CentOS/RHEL 7 CE CPU Installation With Yum
Note | MapD has been rebranded to OmniSci. |
This is an end-to-end recipe for installing OmniSci Community Edition on a CentOS/RHEL 7 machine running without GPUs using a tarball. This install has all of the functionality of OmniSci, except for backend rendering (Pointmap, Scatterplot, and other charts might not be available).
Here is a quick video overview of the installation process.
- The installation phases are:
Important | The order of these instructions is significant. To avoid problems, install each component in the order presented. |
Assumptions
- These instructions assume the following:
- You are installing on a “clean” CentOS/RHEL 7 host machine with only the operating system installed.
- Your OmniSci host only runs the daemons and services required to support OmniSci.
- Your OmniSci host is connected to the Internet.
Preparation
Prepare your host machine by updating your system, creating the OmniSci user, and enabling a firewall.
Update and Reboot
Update the entire system and reboot to activate the latest kernel.
sudo yum update
sudo reboot
Create the OmniSci User
Create a group called mapd
and a user named mapd
, who will be the owner of the OmniSci database.
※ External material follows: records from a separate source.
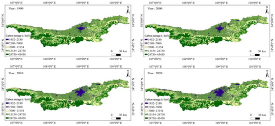 Carbon storage spatial distribution from 1990 to 2020.
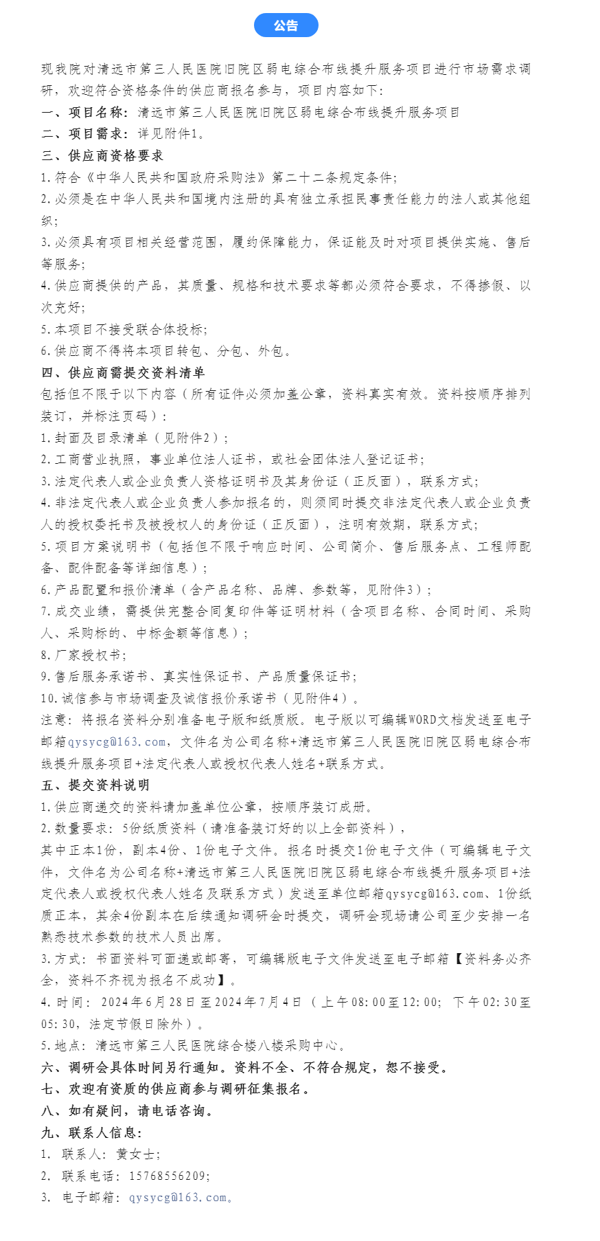 附件1:清远市第三人民医院旧院区弱电综合布线提升服务项目需求.docx
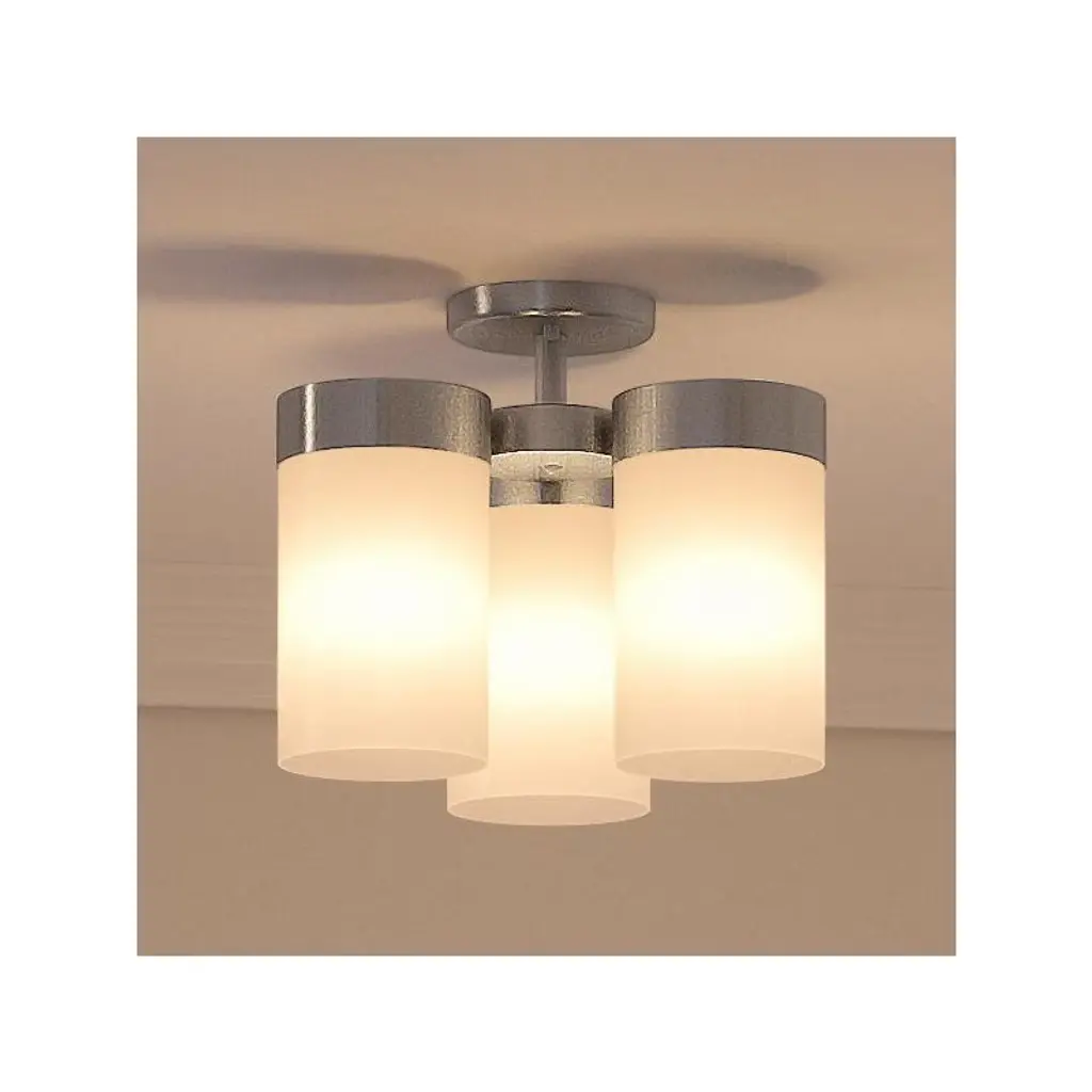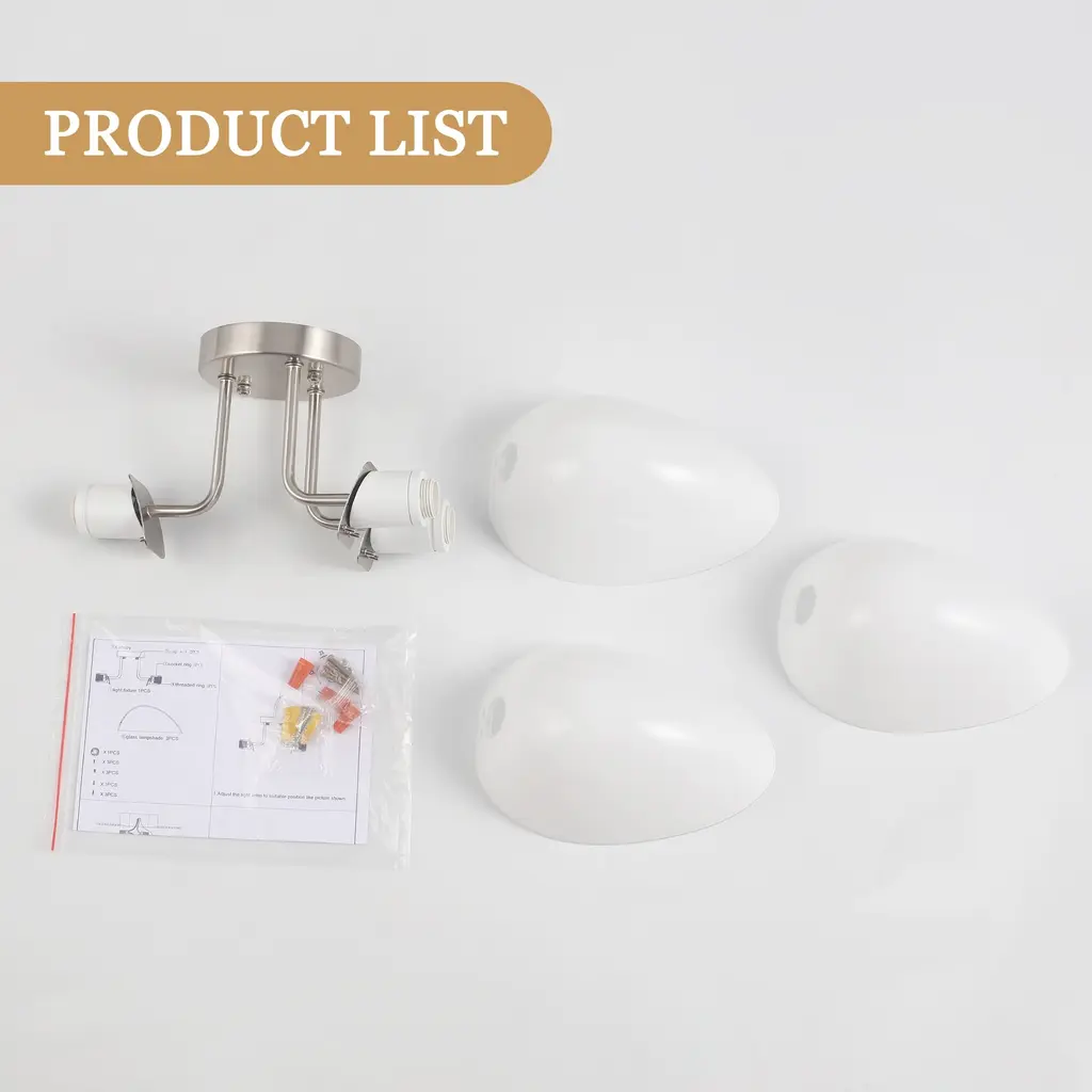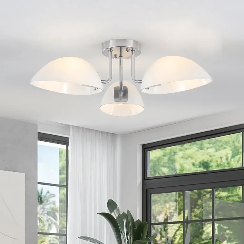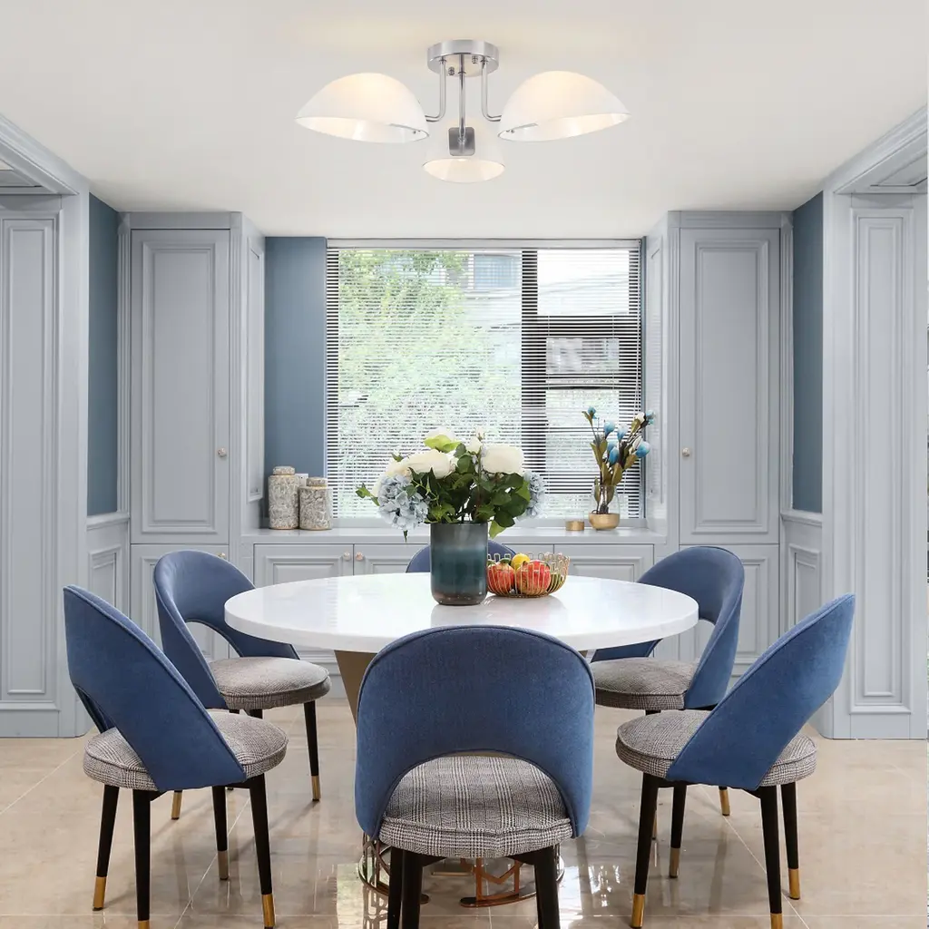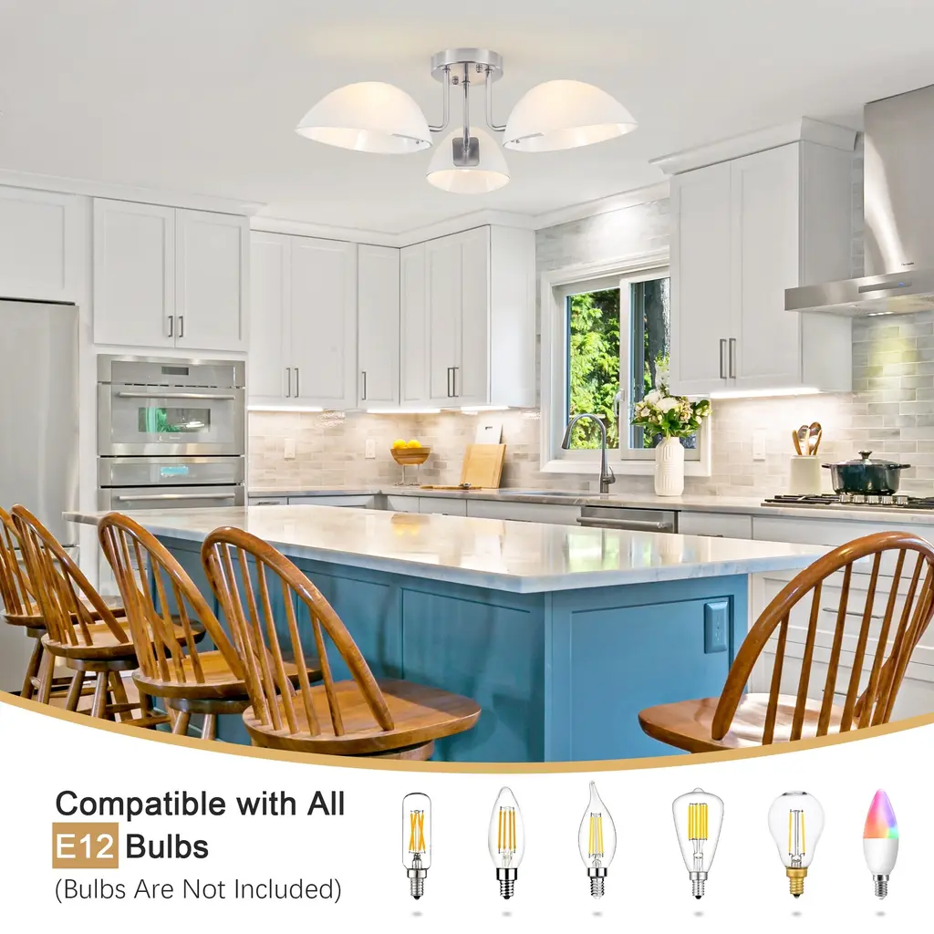 This ceiling light features three light bulbs set in sleek, milk white glass shades, offering a minimalist yet contemporary look. Its semi-flush mount design means the fixture is mounted just slightly below the ceiling, perfect for spaces with lower ceilings or where you want a light that is unobtrusive but still makes a statement. The frosted glass shades provide a gentle, diffused glow, reducing harsh glare and creating a warm, inviting atmosphere.Features:
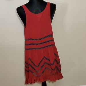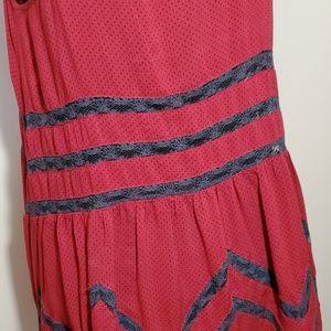 Red and black polka dot with lace inset throughout & a ruffled hem.
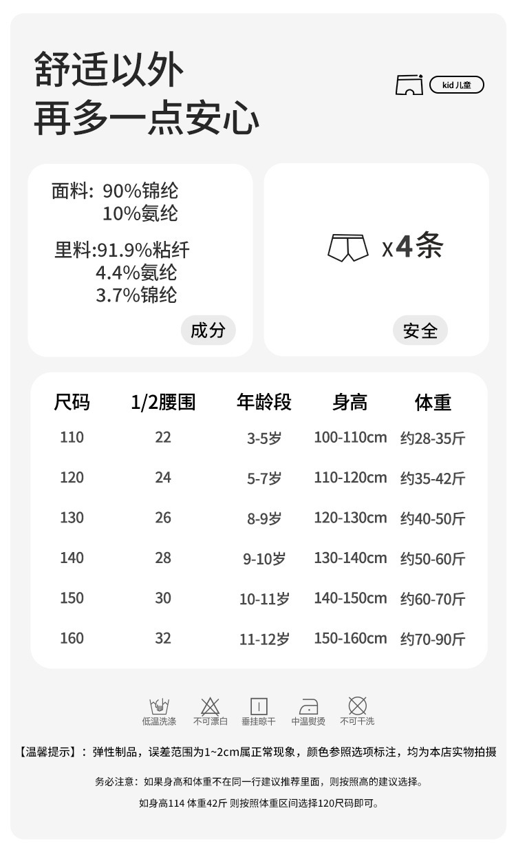N183 솔리드 컬러 소년 속옷 도매 7A 항균 아기 복서 팬티 클래스 A 통기성 어린이 속옷 여름 얇은스토어 가기
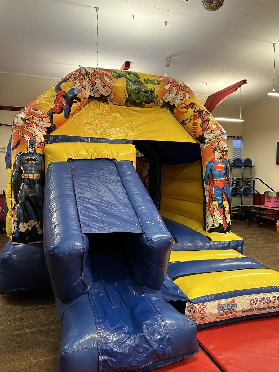 Superhero Bouncy Castle with slide! With comic book style artwork, this is the ideal castle for your little superhero fans 🦸♀️ It’s enclosed top makes for an amazing staging area for groovy disco lights! The more open slide makes supervisions easier so you can relax! The dimensions of this awesome unit are 18ft deep, 12ft wide and 11ft tall.
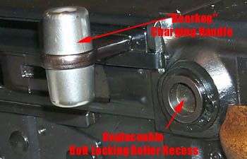 SIG枪机延迟后座的滚柱闭锁凸轮槽机构中最新颖之处是它采用了两个可以更换的闭锁槽,而且每个闭锁槽又靠碰珠和开口环牢固定位。该机构的另一特点是没有使用HK G3那种靠强力弹簧带动的机头卡扣。由于滚柱直径大,表面光洁度高,机匣闭锁槽的接触面又小,这都减小了枪机在取弹和推弹入膛时的摩擦力,所以手拉装填比较省力,机柄亦可做得简单一些。

You can create both the group and user with the useradd
command and the -U
switch.
sudo useradd -U mapd
Firewall
To use Immerse, you must prepare your host machine to accept HTTP connections. You can configure your firewall for external access.
sudo firewall-cmd --zone=public --add-port=9092/tcp --permanent
sudo firewall-cmd --reload
For more information, see https://fedoraproject.org/wiki/Firewalld?rd=FirewallD.
Installation
Use curl
to download the OmniSci repository file to the yum repository directory.
curl https://releases.mapd.com/ce/mapd-ce-cpu.repo | sudo tee /etc/yum.repos.d/mapd.repo
Use yum
to install OmniSci .
sudo yum install mapd
Configuration
These are the steps to prepare your OmniSci environment.
Set Environment Variables
For convenience, you can update .bashrc with the required environment variables.
- Open a terminal window.
- Enter
cd ~/
to go to your home directory. - Open
.bashrc
in a text editor. For example,sudo gedit .bashrc
. - Edit the
.bashrc
file. Add the following export commands under “User specific aliases and functions.”# User specific aliases and functions export MAPD_USER=mapd export MAPD_GROUP=mapd export MAPD_STORAGE=/var/lib/mapd export MAPD_PATH=/opt/mapd export MAPD_LOG=/var/lib/mapd/data/mapd_log
- Save the
.bashrc
file. - Open a new terminal window to use your changes.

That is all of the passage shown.